**Dataset**

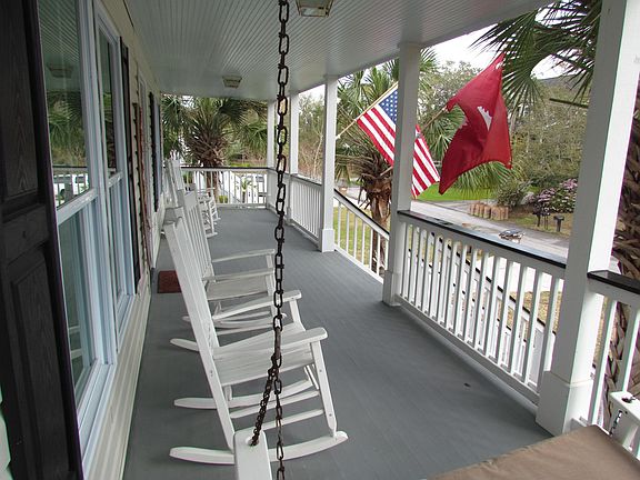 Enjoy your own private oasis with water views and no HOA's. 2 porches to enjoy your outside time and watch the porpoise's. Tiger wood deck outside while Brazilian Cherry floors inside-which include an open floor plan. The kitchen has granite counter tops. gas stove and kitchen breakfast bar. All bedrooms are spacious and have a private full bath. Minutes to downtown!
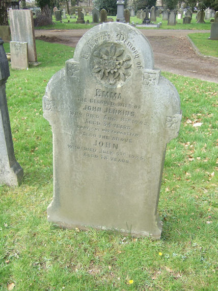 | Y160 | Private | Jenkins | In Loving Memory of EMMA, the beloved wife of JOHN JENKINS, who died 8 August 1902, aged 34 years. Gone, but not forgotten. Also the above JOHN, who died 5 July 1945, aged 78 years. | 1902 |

* * *

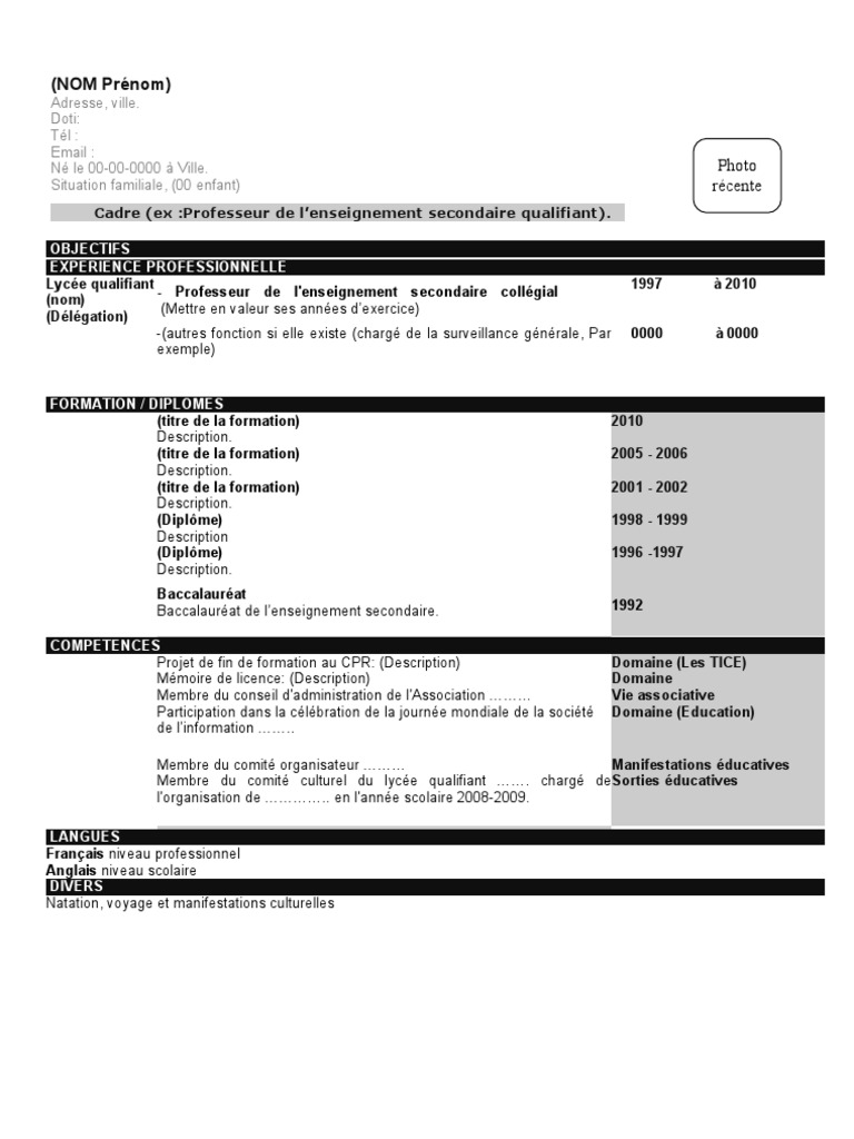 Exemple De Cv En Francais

==

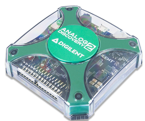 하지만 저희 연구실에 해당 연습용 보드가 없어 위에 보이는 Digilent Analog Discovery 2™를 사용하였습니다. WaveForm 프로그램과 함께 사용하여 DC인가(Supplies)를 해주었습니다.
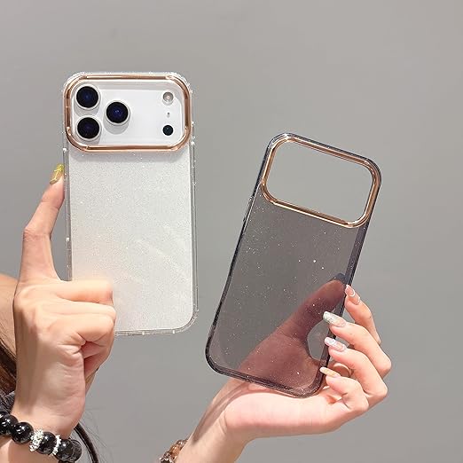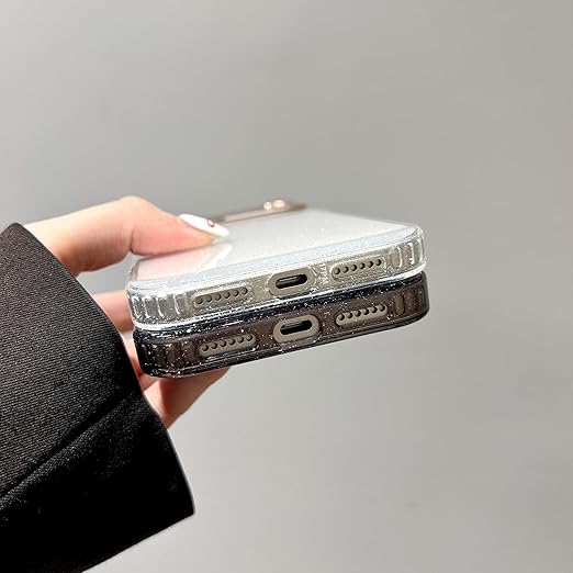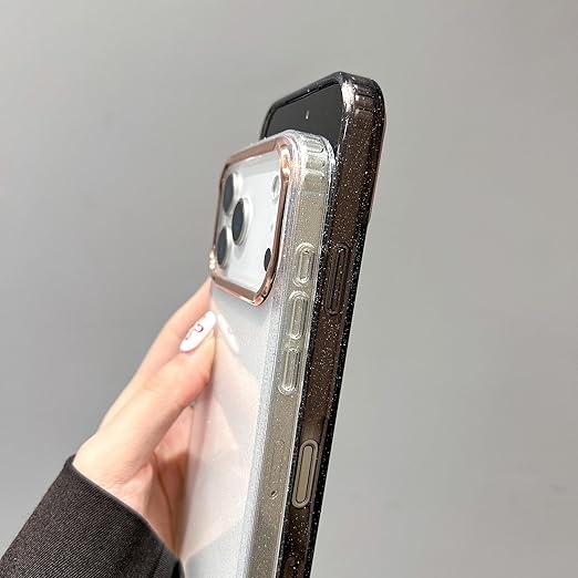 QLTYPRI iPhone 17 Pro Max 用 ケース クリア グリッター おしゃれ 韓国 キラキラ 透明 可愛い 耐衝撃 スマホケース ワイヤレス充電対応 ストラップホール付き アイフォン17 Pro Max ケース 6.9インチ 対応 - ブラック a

**Problem to solve**
Copy out exactly the lines above beginning with the line that contains "Enjoy your own" and finishing with the line that contains "years. | 1902 |", including both; leave the pictures out.

**Exercise solution**
 Enjoy your own private oasis with water views and no HOA's. 2 porches to enjoy your outside time and watch the porpoise's. Tiger wood deck outside while Brazilian Cherry floors inside-which include an open floor plan. The kitchen has granite counter tops. gas stove and kitchen breakfast bar. All bedrooms are spacious and have a private full bath. Minutes to downtown!
 | Y160 | Private | Jenkins | In Loving Memory of EMMA, the beloved wife of JOHN JENKINS, who died 8 August 1902, aged 34 years. Gone, but not forgotten. Also the above JOHN, who died 5 July 1945, aged 78 years. | 1902 |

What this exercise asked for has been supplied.